They talked through two cigarettes each. She lived in Bayswater, which she said was not far away and meant she could walk to work. They had
no children and lived in her mother-in-law’s rented house. She had always lived in Bayswater and had never been to
any other part of London except to Notting Hill sometimes, for the market. She would like to go to America or Canada ‘with
all them big swanky cars and polar bears’. Her mother-in-law was nearly deaf and blind and was anyway away with the fairies most of the time and had no idea whether she was
there or not. It was a relief to get out of the house.

She stubbed out her second cigarette. ‘Time I got back to work if there’s nothing going on here, then.’ She flicked his penis
and grinned. ‘Wouldn’t mind a few more like you. Easy money.’

She dressed swiftly while he counted out the money. ‘Ta, love. Get a good night’s sleep. You’ll be all right in the morning.’

He began to dress. ‘I’ll show you down. It’s a bit—’

‘’S all right, know it like the back of me ’and round here. Sleep well.’

The door closed, leaving him relieved but restless and discontented. He half dressed and then, hearing no one about, crept
along the corridor to the toilet, where he masturbated, proving to himself that it was indeed still all right. When he returned to his room and
reached for another cigarette he found she had taken the packet.

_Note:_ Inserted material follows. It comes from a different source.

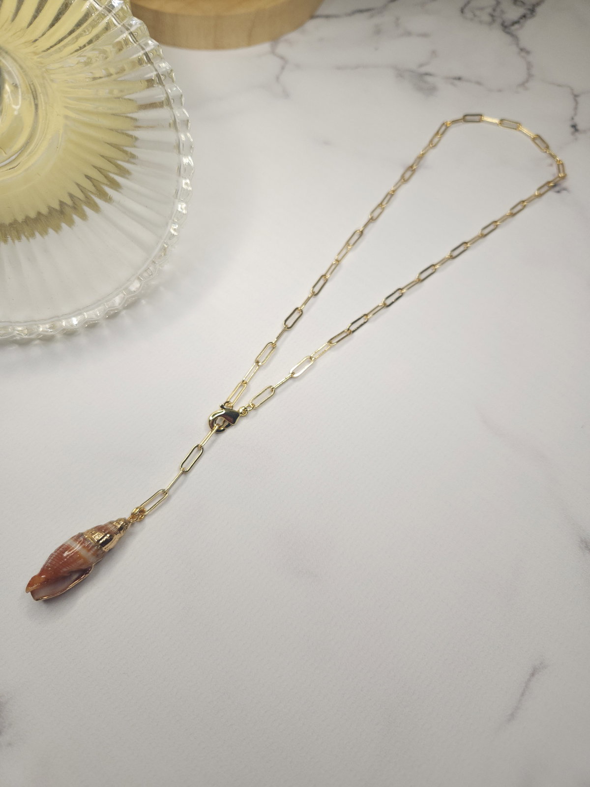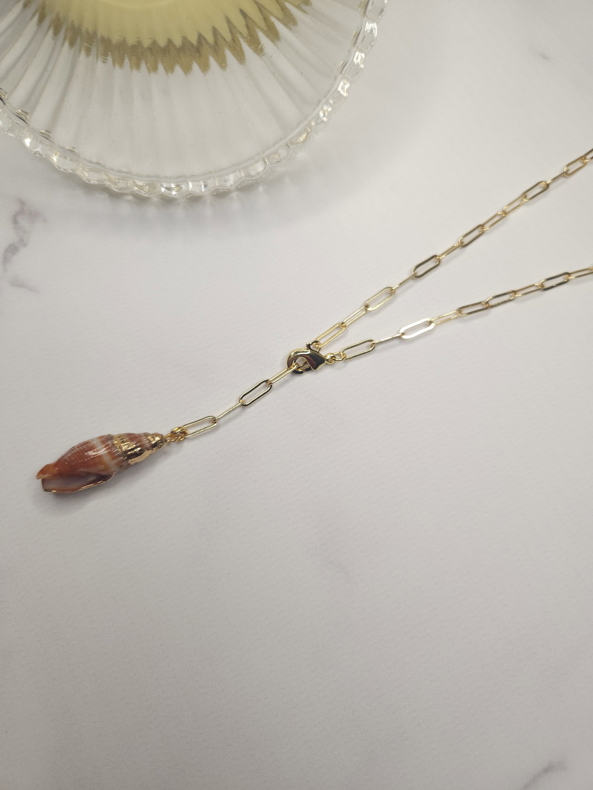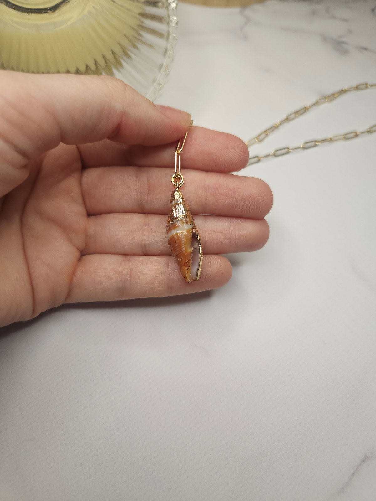 Conjunto realizado con cadena eslabon de 9,2 mm x 3,2 mm en oro laminado y dije caracol natural en tonos naranja con detalles en dorado.

Later that evening Frank left the letter to his mother in the post room by the station office, then sauntered over to the mess. The moment he entered, he wished
he hadn’t. It was crowded and noisy, awash with beer and thick with smoke, the bar almost hidden behind the crush of blue serge uniforms. The Dodger was at the piano in the corner, with a group around him banging their glasses to the bawdy version of
Lili Marlene
he was
thumping out. He was probably a gifted pianist – Frank was no judge but had heard him in more reflective
mood playing long passages of classical music from memory – who seemed to prefer clowning.
Lili
Marlene ended with a great shout by virtually everyone in the bar. Frank was about to withdraw but
the Dodger spotted him.

‘Moose – Moosey, old lad!’ he shouted, holding up his arm. ‘Owe you a pint for that Hun. Come and have a pint.’ He stood
abruptly, brimming with beer and good fellowship. His chair fell over behind him. ‘Lemme get you your pint. Always pay my debts. You the same for me next time.’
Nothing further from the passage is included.